I have a batch process, written in PHP and embedded in a Docker container. Basically, it loads data from several webservices, do some computation on data (during ~1h), and post computed data to an other webservice, then the container exit (with a return code of 0 if OK, 1 if failure somewhere on the process). During the process, some logs are written on STDOUT or STDERR. The batch must be triggered once a day.

I was wondering what is the best AWS service to use to schedule, execute, and monitor my batch process :

  • at the very begining, I used a EC2 machine with a crontab : no high-availibilty function here, so I decided to switch to a more PaaS approach.
  • then, I was using Elastic Beanstalk for Docker, with a non-functional Webserver (only to reply to the Healthcheck), and a Crontab inside the container to wake-up my batch command once a day.
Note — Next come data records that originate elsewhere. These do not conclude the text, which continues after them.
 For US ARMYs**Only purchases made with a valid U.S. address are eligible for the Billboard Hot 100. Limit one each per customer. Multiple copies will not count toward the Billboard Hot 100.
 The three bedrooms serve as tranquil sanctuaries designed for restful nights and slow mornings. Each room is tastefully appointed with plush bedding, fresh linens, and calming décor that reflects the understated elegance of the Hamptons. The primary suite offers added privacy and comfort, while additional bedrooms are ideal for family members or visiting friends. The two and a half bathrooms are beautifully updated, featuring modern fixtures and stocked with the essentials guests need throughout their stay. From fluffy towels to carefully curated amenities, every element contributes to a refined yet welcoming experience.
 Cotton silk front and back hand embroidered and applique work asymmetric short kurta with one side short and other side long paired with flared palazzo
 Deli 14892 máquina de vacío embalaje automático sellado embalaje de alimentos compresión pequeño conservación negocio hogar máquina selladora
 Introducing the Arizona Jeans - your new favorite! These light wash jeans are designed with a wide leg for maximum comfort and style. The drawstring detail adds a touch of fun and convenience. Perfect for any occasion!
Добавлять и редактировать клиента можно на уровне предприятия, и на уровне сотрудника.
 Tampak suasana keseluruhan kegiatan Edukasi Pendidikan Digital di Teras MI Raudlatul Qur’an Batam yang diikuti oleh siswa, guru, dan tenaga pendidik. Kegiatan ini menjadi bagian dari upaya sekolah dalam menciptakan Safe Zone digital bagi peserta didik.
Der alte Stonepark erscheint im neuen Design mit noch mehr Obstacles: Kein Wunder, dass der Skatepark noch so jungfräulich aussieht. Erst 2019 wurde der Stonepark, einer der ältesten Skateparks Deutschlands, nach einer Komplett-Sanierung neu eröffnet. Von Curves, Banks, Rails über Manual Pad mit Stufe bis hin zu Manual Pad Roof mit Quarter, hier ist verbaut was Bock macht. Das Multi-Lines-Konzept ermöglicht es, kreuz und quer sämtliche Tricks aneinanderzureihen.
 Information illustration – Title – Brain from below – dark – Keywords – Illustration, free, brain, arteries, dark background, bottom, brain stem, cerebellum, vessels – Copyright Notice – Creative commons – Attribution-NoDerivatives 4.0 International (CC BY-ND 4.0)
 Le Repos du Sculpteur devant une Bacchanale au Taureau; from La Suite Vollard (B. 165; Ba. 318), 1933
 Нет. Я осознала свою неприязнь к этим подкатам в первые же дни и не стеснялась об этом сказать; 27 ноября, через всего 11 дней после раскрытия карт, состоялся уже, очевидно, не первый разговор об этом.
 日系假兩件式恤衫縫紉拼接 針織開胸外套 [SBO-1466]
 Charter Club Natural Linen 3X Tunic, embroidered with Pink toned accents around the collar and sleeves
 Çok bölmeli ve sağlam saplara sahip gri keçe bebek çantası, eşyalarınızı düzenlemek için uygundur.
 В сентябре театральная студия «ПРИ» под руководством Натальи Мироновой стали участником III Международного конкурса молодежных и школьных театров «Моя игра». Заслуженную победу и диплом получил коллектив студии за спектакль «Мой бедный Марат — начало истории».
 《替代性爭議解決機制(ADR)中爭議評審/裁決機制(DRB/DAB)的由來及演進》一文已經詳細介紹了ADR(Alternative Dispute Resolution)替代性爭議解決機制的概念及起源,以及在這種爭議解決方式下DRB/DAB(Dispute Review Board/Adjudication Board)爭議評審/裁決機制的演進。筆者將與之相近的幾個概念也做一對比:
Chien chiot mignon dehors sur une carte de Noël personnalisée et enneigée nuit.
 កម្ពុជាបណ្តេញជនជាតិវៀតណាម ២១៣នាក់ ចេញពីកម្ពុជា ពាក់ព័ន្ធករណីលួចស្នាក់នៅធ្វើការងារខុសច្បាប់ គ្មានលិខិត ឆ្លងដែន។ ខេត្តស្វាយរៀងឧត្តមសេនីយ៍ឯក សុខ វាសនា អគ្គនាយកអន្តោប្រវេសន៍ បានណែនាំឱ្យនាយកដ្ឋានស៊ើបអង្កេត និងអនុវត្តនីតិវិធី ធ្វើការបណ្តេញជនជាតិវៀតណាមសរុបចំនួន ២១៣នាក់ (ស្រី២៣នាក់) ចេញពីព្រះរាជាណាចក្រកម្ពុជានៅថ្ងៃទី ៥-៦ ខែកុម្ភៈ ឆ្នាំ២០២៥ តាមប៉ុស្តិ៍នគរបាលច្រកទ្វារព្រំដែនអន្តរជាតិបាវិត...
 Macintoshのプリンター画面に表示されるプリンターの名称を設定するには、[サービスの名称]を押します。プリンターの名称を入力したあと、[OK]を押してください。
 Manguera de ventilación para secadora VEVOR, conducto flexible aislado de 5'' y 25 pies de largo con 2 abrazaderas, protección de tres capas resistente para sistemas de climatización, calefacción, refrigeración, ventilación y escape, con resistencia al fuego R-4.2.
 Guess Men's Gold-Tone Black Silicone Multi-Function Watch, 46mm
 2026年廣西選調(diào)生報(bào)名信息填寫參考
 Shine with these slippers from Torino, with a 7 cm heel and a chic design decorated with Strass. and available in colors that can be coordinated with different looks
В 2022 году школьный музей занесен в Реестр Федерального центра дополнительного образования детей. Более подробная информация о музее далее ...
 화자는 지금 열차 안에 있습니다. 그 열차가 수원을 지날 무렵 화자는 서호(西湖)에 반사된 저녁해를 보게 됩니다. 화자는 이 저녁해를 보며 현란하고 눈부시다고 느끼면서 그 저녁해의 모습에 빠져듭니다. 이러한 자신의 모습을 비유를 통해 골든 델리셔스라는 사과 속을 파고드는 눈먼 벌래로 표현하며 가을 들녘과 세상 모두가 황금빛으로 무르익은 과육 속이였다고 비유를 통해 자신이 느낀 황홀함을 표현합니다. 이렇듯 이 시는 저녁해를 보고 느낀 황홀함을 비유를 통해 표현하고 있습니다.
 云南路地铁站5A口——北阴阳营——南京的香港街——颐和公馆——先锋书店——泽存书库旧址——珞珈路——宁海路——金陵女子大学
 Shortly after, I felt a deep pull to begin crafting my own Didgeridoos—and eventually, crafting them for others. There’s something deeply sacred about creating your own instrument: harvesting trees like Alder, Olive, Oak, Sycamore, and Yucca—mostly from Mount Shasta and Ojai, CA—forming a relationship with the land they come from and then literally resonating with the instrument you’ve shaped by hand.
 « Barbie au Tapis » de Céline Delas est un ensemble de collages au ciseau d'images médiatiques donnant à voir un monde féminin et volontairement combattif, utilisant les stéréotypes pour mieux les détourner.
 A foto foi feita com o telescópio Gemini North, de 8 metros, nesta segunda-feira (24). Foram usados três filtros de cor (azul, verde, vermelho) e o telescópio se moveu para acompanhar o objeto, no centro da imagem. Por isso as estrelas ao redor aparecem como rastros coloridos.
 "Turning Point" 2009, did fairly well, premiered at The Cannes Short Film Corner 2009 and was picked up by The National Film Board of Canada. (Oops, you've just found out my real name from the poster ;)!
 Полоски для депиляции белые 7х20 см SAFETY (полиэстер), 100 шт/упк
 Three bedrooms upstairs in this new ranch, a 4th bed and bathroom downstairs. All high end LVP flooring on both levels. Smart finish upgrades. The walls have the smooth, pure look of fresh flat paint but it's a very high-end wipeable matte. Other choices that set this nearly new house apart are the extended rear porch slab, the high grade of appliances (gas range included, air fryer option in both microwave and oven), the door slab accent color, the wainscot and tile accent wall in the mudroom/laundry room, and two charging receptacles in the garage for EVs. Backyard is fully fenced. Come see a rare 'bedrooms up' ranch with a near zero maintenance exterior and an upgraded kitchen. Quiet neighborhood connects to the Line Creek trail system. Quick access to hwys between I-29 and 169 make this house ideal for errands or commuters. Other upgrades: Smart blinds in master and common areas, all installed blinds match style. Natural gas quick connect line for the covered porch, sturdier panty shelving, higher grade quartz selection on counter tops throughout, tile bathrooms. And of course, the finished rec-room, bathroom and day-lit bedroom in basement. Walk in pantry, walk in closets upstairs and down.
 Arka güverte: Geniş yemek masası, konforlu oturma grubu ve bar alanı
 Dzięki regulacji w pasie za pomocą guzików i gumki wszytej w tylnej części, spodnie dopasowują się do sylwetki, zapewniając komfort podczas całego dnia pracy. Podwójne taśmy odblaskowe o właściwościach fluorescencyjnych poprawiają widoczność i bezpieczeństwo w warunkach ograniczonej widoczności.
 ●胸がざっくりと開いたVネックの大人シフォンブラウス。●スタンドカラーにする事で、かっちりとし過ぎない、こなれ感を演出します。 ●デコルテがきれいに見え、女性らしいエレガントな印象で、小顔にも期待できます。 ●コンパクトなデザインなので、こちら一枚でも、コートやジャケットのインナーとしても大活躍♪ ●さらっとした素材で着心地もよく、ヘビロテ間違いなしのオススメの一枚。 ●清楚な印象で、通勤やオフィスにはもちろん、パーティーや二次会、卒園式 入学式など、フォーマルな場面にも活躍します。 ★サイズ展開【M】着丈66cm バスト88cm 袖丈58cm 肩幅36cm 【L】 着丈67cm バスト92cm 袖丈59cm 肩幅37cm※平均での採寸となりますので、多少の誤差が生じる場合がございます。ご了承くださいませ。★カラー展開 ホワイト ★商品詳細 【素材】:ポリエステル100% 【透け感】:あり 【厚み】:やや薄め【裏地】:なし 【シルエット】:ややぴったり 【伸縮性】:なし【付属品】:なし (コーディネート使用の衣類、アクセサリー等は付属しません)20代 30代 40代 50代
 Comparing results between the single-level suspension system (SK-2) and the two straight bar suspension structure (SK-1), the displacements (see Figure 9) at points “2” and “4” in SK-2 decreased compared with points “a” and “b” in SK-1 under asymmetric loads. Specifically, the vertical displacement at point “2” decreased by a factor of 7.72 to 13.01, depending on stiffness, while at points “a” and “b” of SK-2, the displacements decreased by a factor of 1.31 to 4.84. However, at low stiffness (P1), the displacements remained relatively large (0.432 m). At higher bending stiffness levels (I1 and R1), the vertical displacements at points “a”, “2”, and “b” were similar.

With autoscalling rule min=1 max=1, I have HA (if the container crash or if the VM crash, it is restarted by AWS)
  • but now, to be more efficient, I decided to move to some ECS service, and have an approach where I do not need to have EC2 instances awake 23/24 for nothing. So I tried Fargate.
  • with Fargate I defined my task (Fargate type, not the EC2 type), and configure everything on it.
  • I create a Cluster to run my task : I can run "by hand, one time" my task, so I know every settings are corrects.

Now, going deeper in Fargate, I want to have my task executed once a day.

  • It seems to work fine when I used the Scheduled Task feature of ECS : the container start on time, the process run, then the container stop. But CloudWatch is missing some metrics : CPUReservation and CPUUtilization are not reported. Also, there is no way to know if the batch quit with exit code 0 or 1 (all execution stopped with status "STOPPED"). So i Cant send a CloudWatch alarm if the container execution failed.

  • I use the "Services" feature of Fargate, but it cant handle a batch process, because the container is started every time it stops. This is normal, because the container do not have any daemon. There is no way to schedule a service. I want my container to be active only when it needs to work (once a day during at max 1h). But the missing metrics are correctly reported in CloudWatch.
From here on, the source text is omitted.